Some findings specific to the more than 1,000 U.S. companies surveyed include:
- Leaky bucket budgets: Seventy-two percent of firms plan to increase spending on cyber security in the coming year. However, increased spend without proper infrastructure and training is the equivalent of pouring water into a leaky bucket, according to Hiscox. Only 11% of respondents cited increased spending on employee training and culture changes as a result of a cyber security incident, both of which are crucial components of a company’s defense against cyber risks.
- Attacks are on the rise: Fifty-three percent of respondents reported an attack in the past 12 months, compared to 38% last year. Hiscox says many companies do not take proper action following an attack, with 45% of companies reporting experiencing three or more attacks in the past year. Cyber incidents come with a large price tag. The mean cost of cyber incidents in the US was $119,000.
- Fewer large companies are cyber experts: While it would seem they have the resources to be prepared, only 11% of large and enterprise firms ranked as ‘cyber experts,’ compared to 26% of large and enterprise firms last year.

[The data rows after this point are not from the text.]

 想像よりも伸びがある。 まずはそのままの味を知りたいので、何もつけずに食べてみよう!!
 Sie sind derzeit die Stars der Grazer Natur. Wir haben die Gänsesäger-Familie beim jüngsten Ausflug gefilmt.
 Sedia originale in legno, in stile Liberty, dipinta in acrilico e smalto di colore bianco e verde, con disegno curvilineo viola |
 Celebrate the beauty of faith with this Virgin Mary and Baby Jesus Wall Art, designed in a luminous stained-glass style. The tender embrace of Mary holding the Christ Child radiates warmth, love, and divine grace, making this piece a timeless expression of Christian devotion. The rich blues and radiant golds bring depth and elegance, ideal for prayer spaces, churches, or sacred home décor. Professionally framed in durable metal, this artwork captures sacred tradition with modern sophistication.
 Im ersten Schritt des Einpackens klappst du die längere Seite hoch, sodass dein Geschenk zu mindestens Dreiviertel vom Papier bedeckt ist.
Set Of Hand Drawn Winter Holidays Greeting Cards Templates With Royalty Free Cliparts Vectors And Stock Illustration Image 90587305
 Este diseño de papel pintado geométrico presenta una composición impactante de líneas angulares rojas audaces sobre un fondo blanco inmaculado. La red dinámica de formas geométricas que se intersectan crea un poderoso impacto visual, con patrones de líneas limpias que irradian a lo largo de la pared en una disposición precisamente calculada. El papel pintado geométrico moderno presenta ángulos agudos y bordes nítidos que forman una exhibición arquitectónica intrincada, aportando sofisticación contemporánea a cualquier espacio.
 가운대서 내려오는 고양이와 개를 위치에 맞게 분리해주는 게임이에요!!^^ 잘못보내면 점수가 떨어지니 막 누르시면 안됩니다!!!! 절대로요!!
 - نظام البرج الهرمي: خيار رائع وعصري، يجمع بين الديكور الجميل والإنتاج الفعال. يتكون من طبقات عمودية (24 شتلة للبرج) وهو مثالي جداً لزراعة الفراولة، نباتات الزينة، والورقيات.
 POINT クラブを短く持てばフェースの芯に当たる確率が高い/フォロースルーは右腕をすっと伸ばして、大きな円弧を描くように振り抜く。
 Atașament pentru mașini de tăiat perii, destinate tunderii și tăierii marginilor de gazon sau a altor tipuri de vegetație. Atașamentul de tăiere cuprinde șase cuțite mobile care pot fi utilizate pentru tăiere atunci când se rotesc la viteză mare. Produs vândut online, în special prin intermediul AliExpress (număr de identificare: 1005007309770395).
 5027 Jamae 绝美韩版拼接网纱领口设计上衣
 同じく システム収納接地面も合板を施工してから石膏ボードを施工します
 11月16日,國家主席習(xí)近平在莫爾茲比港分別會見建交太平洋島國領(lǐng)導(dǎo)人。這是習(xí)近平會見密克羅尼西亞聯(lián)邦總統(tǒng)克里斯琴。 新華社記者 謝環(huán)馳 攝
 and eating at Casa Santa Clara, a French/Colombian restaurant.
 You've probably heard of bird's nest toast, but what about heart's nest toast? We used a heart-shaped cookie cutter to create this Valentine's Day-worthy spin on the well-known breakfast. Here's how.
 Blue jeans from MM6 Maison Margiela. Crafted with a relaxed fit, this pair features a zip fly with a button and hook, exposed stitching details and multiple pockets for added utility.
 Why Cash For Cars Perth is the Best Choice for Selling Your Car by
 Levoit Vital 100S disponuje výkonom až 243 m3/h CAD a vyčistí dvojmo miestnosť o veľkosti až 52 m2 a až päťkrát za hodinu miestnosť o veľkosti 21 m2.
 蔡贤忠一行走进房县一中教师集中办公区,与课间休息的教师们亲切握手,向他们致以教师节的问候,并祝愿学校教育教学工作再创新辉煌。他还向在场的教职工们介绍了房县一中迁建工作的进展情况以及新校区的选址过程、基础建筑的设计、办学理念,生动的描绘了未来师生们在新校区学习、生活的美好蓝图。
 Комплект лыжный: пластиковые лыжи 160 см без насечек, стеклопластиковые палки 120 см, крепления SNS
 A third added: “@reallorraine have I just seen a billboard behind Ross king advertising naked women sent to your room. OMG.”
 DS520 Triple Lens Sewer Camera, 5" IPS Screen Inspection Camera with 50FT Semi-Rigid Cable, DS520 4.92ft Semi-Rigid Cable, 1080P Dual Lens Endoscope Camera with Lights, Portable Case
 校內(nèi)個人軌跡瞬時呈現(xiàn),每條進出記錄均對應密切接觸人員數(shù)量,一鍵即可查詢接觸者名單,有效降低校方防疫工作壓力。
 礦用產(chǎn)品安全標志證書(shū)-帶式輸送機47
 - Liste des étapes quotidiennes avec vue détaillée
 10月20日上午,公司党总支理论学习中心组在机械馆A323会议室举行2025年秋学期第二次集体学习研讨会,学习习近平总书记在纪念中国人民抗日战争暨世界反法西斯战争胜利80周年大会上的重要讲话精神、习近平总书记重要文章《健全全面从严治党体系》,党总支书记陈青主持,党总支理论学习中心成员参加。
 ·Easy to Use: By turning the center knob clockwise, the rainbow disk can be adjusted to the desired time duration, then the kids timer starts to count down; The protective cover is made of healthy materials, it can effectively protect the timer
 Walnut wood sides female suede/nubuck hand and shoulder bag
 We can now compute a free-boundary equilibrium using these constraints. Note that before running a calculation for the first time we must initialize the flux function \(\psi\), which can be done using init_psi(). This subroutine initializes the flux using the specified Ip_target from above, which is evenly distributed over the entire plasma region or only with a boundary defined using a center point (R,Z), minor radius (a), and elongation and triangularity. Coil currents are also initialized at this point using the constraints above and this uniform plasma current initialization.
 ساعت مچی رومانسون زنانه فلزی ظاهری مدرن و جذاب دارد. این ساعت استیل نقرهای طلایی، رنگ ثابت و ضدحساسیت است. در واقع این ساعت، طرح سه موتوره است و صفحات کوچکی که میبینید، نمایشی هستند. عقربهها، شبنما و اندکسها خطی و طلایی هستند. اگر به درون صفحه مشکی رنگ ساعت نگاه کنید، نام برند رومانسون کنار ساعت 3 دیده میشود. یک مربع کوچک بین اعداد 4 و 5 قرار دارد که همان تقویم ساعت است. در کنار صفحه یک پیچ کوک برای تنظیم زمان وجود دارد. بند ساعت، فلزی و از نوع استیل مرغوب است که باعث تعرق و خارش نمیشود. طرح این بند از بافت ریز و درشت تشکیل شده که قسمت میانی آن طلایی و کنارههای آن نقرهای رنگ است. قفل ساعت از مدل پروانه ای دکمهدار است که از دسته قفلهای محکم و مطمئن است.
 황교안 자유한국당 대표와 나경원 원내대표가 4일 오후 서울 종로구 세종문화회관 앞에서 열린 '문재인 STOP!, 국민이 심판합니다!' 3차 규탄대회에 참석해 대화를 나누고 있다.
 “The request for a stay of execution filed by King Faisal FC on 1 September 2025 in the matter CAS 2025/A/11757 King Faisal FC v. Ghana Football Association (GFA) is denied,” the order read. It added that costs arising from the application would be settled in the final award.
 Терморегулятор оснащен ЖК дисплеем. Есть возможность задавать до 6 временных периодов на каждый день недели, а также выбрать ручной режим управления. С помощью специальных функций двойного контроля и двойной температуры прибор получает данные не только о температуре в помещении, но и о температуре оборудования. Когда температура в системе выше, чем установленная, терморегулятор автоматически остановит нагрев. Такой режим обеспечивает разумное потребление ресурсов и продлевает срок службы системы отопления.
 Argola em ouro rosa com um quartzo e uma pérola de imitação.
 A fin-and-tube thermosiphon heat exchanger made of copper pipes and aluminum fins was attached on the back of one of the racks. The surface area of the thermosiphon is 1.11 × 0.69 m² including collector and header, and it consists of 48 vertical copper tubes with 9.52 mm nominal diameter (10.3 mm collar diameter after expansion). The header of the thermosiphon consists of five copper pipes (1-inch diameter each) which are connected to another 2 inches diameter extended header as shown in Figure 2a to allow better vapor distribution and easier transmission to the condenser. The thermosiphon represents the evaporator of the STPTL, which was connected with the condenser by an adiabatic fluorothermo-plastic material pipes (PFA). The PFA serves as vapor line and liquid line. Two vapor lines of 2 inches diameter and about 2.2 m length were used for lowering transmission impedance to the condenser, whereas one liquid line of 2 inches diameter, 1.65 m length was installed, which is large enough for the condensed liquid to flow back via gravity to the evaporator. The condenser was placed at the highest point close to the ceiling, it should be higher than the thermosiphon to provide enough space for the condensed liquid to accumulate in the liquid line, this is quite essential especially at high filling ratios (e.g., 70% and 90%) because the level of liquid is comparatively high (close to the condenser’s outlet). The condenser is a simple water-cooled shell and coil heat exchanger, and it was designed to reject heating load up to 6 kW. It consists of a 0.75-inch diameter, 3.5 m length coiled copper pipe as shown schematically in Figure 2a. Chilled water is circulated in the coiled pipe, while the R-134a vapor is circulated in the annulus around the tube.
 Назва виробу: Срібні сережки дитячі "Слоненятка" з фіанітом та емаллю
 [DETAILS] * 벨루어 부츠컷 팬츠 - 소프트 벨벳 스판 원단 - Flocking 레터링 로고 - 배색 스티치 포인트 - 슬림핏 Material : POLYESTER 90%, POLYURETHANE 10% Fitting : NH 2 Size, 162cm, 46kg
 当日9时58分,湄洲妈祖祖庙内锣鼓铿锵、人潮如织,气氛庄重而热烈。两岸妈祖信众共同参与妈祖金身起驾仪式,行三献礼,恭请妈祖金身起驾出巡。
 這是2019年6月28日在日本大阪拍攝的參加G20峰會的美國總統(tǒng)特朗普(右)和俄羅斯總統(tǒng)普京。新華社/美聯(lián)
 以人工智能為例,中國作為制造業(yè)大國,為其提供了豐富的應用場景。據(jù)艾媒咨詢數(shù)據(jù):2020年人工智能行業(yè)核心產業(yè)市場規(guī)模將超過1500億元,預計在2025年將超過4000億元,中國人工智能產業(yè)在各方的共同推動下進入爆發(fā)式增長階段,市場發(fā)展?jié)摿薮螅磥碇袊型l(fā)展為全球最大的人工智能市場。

- Unexpected risks in the supply chain: Fifty-six percent of firms experienced cyber-related issues in their supply chain in the past year. However, only 7% of respondents cited increased evaluation of the supply chain as a result of a cyber security incident occurring in the past 12 months.
- Lack of insurance heightens the stakes: Twenty-seven percent of respondents have no plans to purchase cyber insurance, and 5% are unsure of what cyber insurance is.